The current latency of the calorimeter trigger path, from the input of the SerDes blocks on the Synchronization & Link Boards that are mounted on the ECAL and HCAL trigger cards through to the output of the SerDes blocks within the GT Pipelined Synchronising Buffer, is approximately 47bx (bunch crossings), Table 1.

|                   | Time (bx) |
|-------------------|-----------|
| CAL SLB SerDes Tx | 2         |
| SLB cable         | 2         |
| RCT               | 21        |
| GCT               | 19        |
| GCT to GT link    | 3         |
| Total             | 47        |

Table 1: The latency contributions from the current trigger system (e/γ path). The SLB SerDes Tx component is an estimate because the literature does not split the contributions of the ECAL/HCAL trigger processing cards and the SerDes blocks. All latencies are given at the entry or exit to the SerDes block because measuring the latency of just the Tx or Rx component is technically difficult and sometimes not feasible (e.g. asynchronous links).

The latency of a time-multiplexed trigger is estimated to be 34.5bx (Table 2), and thus well within the current latency budget. This estimate assumes that the final jet clustering and sort (not yet fully implemented) will take an additional 4bx beyond the 4bx used for the electron clustering. The processing contribution to the latency currently assumes a 120MHz clock, which has been used to prototype the electron clustering inside on the MINI-T5 prototype card. The SerDes delay of 2.5bx at 7.92Gb/s (2bx at 9.6Gb/s) for a Virtex-7 GTX transceiver is extrapolated from measurements and theoretical understanding of how the Virtex-5/6 GTX transceivers operate, in particular the impact of the internal parallel bus width and the number of internal clock cycles. The table does not include any contribution for realigning the different data serial links or for operation with an asynchronous link clock as used in the current GCT. This could, potentially, add up to 2bx per SerDes stage.

The full SerDes chain of a Xilinx Virtex-5 TXT GTX transceiver takes 24 clock cycles if it is used in a typical configuration (i.e. transmit FIFO, byte alignment and 8B/10B not bypassed, elastic buffer set to minimum and 32-bit wide fabric interface). The maximum speed of the internal SerDes clock is 406.25MHz (speed grade 2), which would potentially offer a latency of 2.4bx but, in practice, this is not achieved because of other constraints. The maximum speed of a TXT part is 5Gb/s and the internal bus, with 8B/10B enabled, is 20 bits wide, limiting the internal bus to 250MHz. At CMS, however, the 40MHz LHC clock makes 4.8Gb/s with a 240MHz internal SerDes clock more appropriate. This translates into a 4.0bx delay (24 clock cycles at 240MHz).

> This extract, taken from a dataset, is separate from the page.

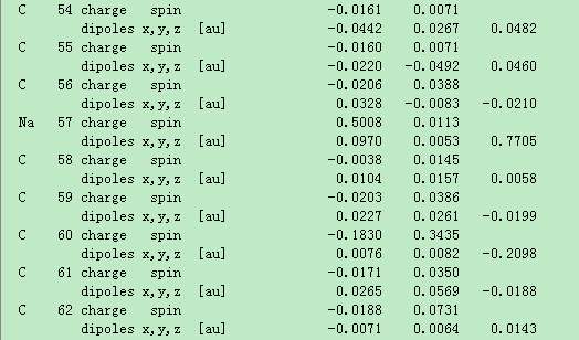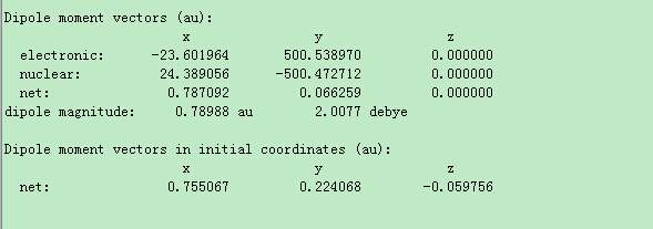 您好!还有几个问题想请教下: 1.dipole magnitude应该就是net的三个分量的模量。这句话该怎么理解。dipole magnitude后面只有两个数据,而且一个单位是a.u. 另一个单位是debye。这个dipole magnitude后面的两个数据是否应该理解为同一个物理量的不同单位表示。 2. 倒数第二行出现的原始坐标,这个原始坐标指的什么坐标,(我的模型是建立在XYZ坐标下的,用的是 Dmol 软件包) 3.图1出现两个net,并且对应的XYZ方向上的大小不一样。这两个net有什么区别呢,应该以哪一个作为参考呢 4. 对于最后一行Z方向上的偶极矩0.059...,这个大小一般来说对物体的某些性质是需要吧这个偶极矩的影响考虑进去呢,还是说这个偶极矩的大小可以忽略。 |

|                                  | Time (bx) |
|----------------------------------|-----------|
| CAL/PP SerDes (Tx+Rx) at 4.8Gb/s | 4         |
| CAL/PP cable (10m)               | 2         |
| PP processing + time-multiplex   | 10        |
| PP/MP SerDes (Tx+Rx) at 7.92Gb/s | 2.5       |
| PP/MP cable (20m)                | 4         |
| MP processing                    | 8         |
| MP/GT SerDes (Tx+Rx) at 7.92Gb/s | 2.5       |
| MP/GT cable                      | 0.5       |
| GT de-multiplex                  | 1.0       |
| Total                            | 34.5      |

Table 2: The latency contributions from a time-multiplexed trigger system.

It is assumed that the GTX transceiver in a Virtex-7 part will remain relatively unchanged from the Virtex-5/6 part but that the internal bus will operate at up to 515MHz so as to reach the rated 10.3125Gb/s. Note that faster Virtex-7 transceivers (13.1Gb/s GTH and 28.05Gb/s GTZ may not necessarily have a shorter latency because the internal bus width may be larger to accommodate the higher maximum line rate and, in this case, the internal bus would have to be clocked at a lower rate to reach 7.92Gb/s or 9.6Gb/s.

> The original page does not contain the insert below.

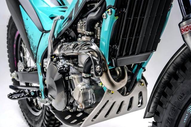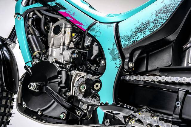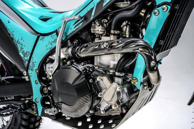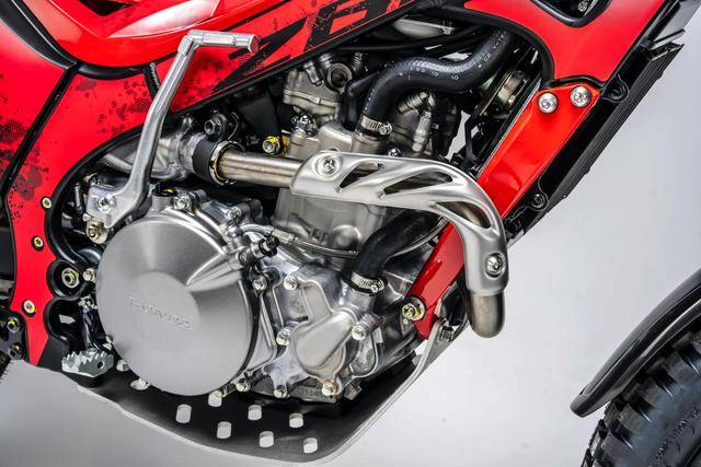 蒙提薩 Montesa Cota 系列有兩個(gè)不同的車型:入門級的 Cota 4RT 260R 和 Cota 4RT 301RR。其中的 Cota 4RT 260R 搭載一副水冷四沖程單氣缸、SOHC 四氣閥的發(fā)動(dòng)機(jī),缸徑、行程為 78 mm x 54.2 mm,排氣量 258.9 cc,節(jié)氣閥口徑為 28 mm 的 PGM-FI 電子燃油噴注系統(tǒng)、五檔的變速齒輪箱,前 10T、后 41T 的傳動(dòng)齒輪。車體采用一副鋁合金制的車架,叉芯口徑為 39 mm 的 Showa 正立式前叉、Pro-Link 多連桿聯(lián)接的后減震,Braktec 的剎車卡鉗和前上泵(手泵)、Galfer 的前后剎車碟,鋁制的油箱,前 21、后 18 英寸直徑的輕量化鋁制輪轂,全車整備重量為 172 磅(約 78 公斤)。

As stated previously, one option that has been suggested is to drive the PP cards with 2.4Gb/s links rather than 4.8Gb/s links so that a low cost FPGA could be used on the ECAL OSLB cards, replacing the current 4×1.2Gb/s copper links from the SLB with 2×2.4Gb/s optical links. Decreasing the speed of the GTX transceiver to 2.4Gb/s would increase the latency to 8.0bx. In practice the latency would be closer to 6.5bx because the low cost Spartan 6 FPGA has a GTP, rather than GTX, transceiver with a 10-bit wide internal bus. This example illustrates the point that a more expensive, higher line rate transceiver does not necessarily have a lower latency. As a general rule the transceiver should be operated at close to its maximum line rate to have the lowest latency.

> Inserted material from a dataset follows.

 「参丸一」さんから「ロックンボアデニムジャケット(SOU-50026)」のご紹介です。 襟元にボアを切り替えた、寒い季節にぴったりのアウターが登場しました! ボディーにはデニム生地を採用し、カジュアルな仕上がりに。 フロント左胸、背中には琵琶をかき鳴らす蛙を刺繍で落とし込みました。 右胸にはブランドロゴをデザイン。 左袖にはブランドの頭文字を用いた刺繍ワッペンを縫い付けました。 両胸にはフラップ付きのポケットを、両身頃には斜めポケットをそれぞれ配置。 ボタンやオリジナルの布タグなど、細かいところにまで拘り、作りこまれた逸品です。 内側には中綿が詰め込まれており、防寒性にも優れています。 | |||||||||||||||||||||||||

Note that in a conventional trigger system the algorithm normally waits until the entire bunch crossing data are present and, thus, it is necessary to add another bunch crossing of latency. In a time-multiplexed trigger, data passes directly into the algorithm and so the only constraint is that the data from each serial link must be aligned to the same clock cycle. A custom synchronization block has been built and it has been shown that the slowest path through it (i.e. the SerDes link with the largest latency contribution) only passes through a single LUT, making the additional latency required to align the data very small.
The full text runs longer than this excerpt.